::: DATA LISTING :::
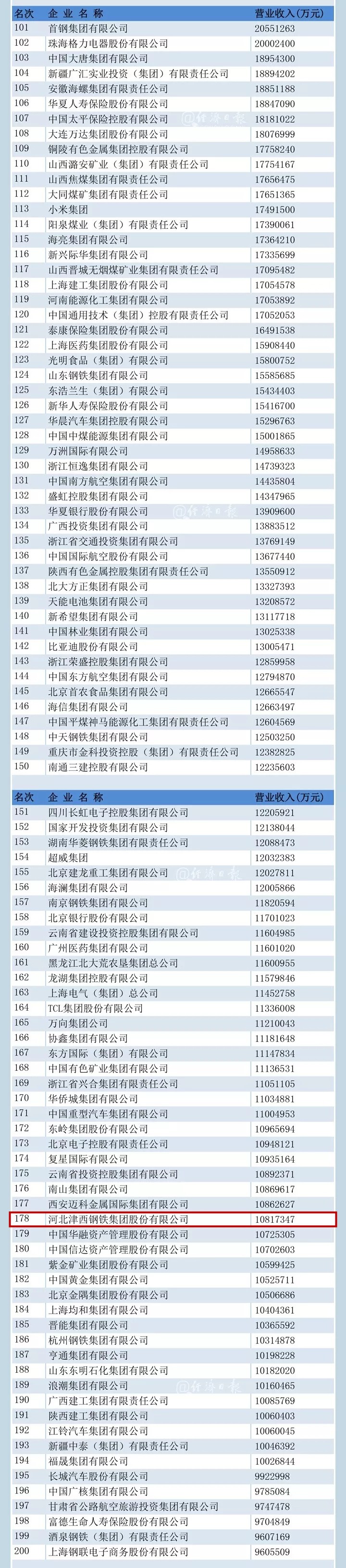 9月1日,中國企業(yè)聯(lián)合會、中國企業(yè)家協(xié)會發(fā)布2019中國企業(yè)500強(qiáng)榜單,唐山有3家企業(yè)上榜。分別是:排名第178位河北津西鋼鐵集團(tuán)股份有限公司、排名第250位開灤(集團(tuán))有限責(zé)任公司、排名第368位唐山港陸鋼鐵有限公 ...
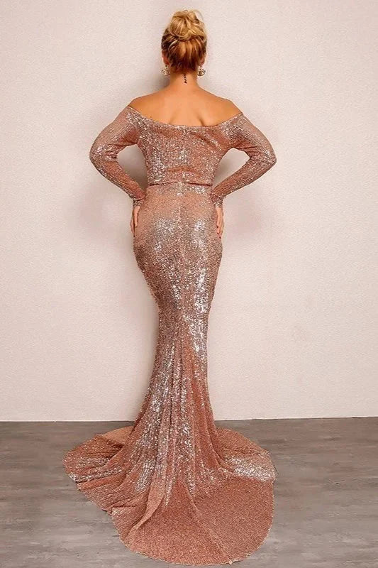 Glamorous Long Sleeve Off-the-Shoulder Sequins Evening Gowns Mermaid Prom Dress Online
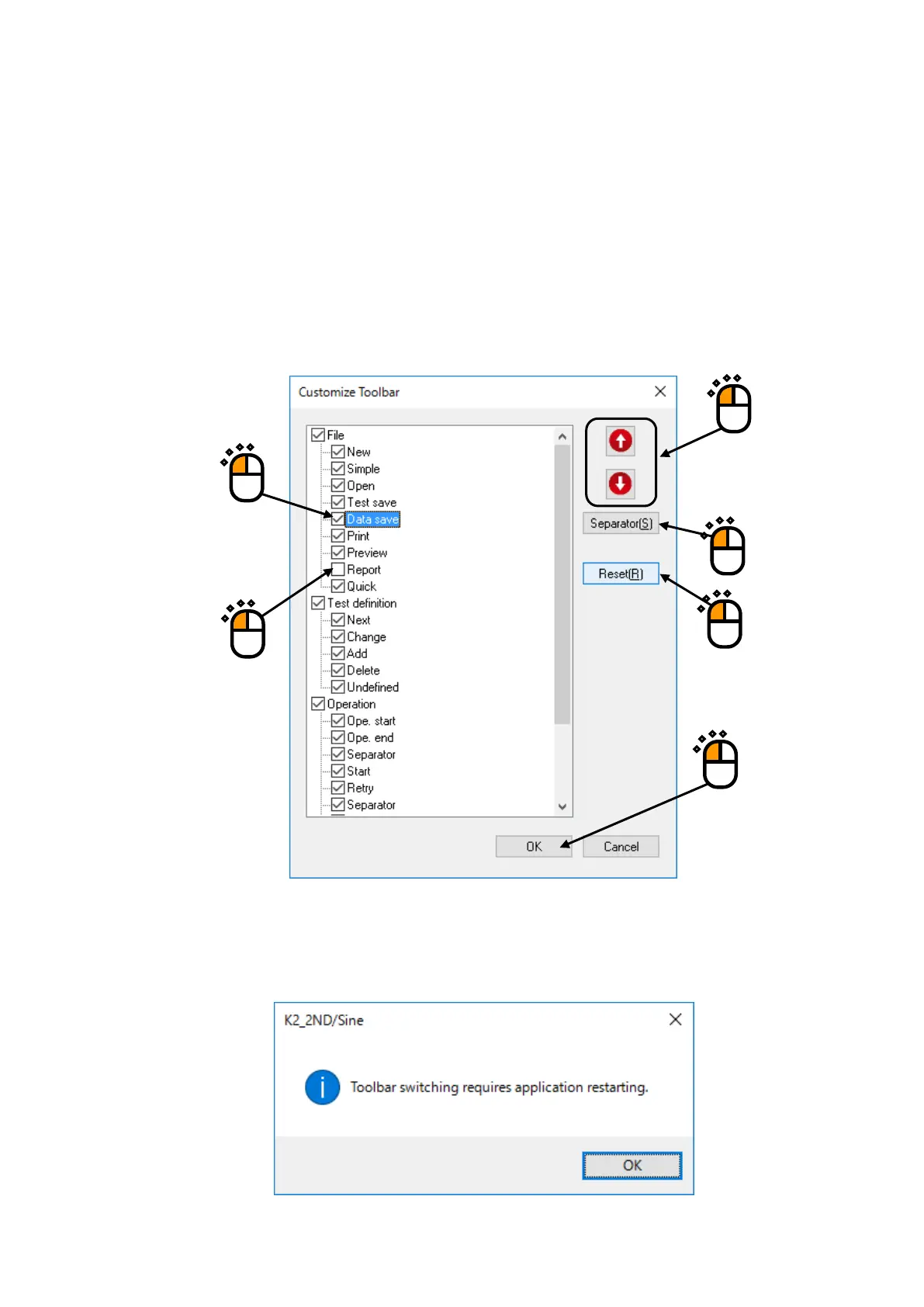 Message shown below appears. After the application is rebooted, display of tool bar is changed.
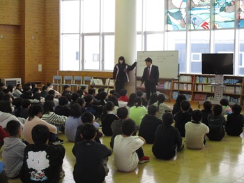 また、5年生は朝、学年集会を開いて、3学期の心構えを確認していました。
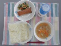 今日の給食は、ごはん、牛乳、呉汁、照りどり、冷凍パインです。
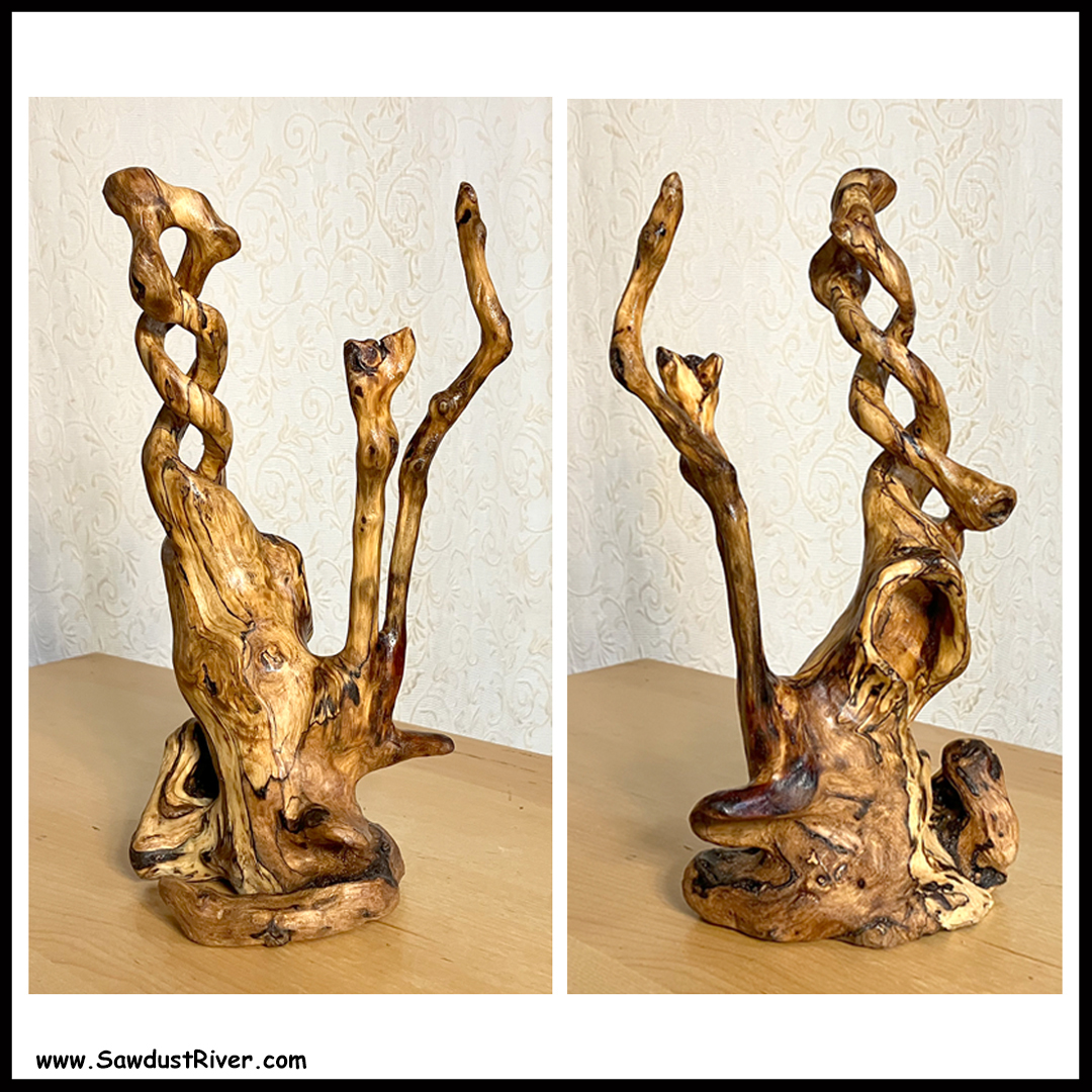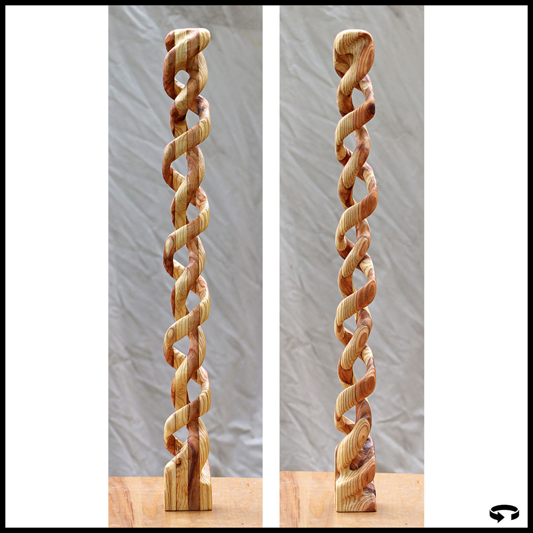 Above: Hand-carved sculpture of a right-handed spiral, carved from laminated cedar. Like a vine, the wood twists upward with perceptible unevenness.
:::
▶ [WORK ORDER] Nothing but the lines from the line containing "今日の給食は、ごはん、牛乳、呉汁、照りどり、冷凍パインです。" through the last line of the material may be output, and they must be copied exactly, without pictures.

▶ [ANSWER TO THIS PROBLEM]
 今日の給食は、ごはん、牛乳、呉汁、照りどり、冷凍パインです。
 Above: Hand-carved sculpture of a right-handed spiral, carved from laminated cedar. Like a vine, the wood twists upward with perceptible unevenness.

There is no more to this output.